Series A — Hybrid Nashville, TN

The Opportunity

Acme Robotics builds fleet coordination software for warehouse automation. Our platform manages task dispatch, obstacle detection, battery management, and real-time telemetry for autonomous mobile robots (AMRs) deployed at logistics facilities across the Southeast. Customers include 3PLs, regional grocery distributors, and a national auto parts chain.

The platform processes 40,000+ robot events per hour across a microservices architecture built on Python, ROS2, and Kafka. We're in the middle of a REST-to-event-driven migration that will carry us through the next 3x scale jump. We need a Senior Platform Engineer to own the hardest backend problems: event streaming reliability, multi-warehouse coordination, and the data pipelines that feed our operational dashboards.
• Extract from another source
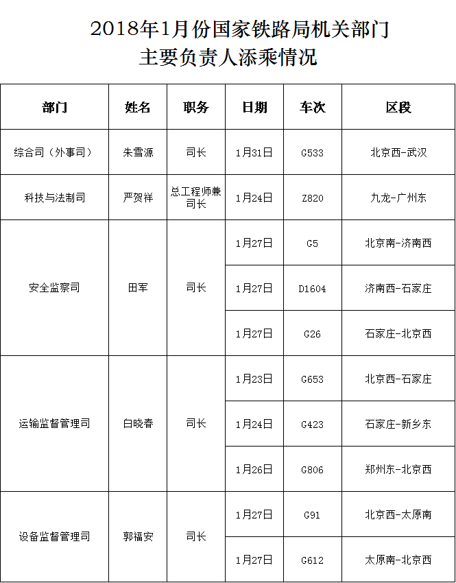下一篇:2018年1月份國家鐵路局機關部門主要負責人添乘情況

This is a scope-expansion hire. We raised our Series A in January. The platform team is growing from 4 to 8 engineers over 12 months. You'll join as one of the first senior hires post-raise, with real ownership over platform decisions and direct input into the architecture roadmap.

The Role

You report to the VP of Engineering (Maria Chen). The platform team owns the scheduler, telemetry pipeline, and all fleet coordination APIs. You'll work across all three areas with meaningful ownership in at least one.

AreaWhat You Own
Fleet schedulerPriority-weighted task dispatch, route conflict resolution, drain-mode deploys
Event streamingKafka topic design, consumer group health, offset management, MQTT bridge reliability
Telemetry pipelineRobot sensor ingestion, battery and obstacle event processing, time-series storage
API layerREST and WebSocket endpoints consumed by the operator dashboard and mobile app
ObservabilityLatency SLOs, consumer lag alerts, scheduler throughput dashboards (Grafana + Prometheus)
On-callRotating on-call for fleet incidents. We average <2 pages/week, most resolved in <15 min.

What This Is NOT

How We Work

Reliability as a Feature

A robot that misses a dispatch event in a warehouse costs money immediately — pallets don't move, trucks miss their windows. We treat reliability with the same rigor as feature development. Every new subsystem ships with an SLO, a runbook, and a rollback path. We don't cut corners on observability because we've felt what happens when a consumer group silently falls behind at 2am.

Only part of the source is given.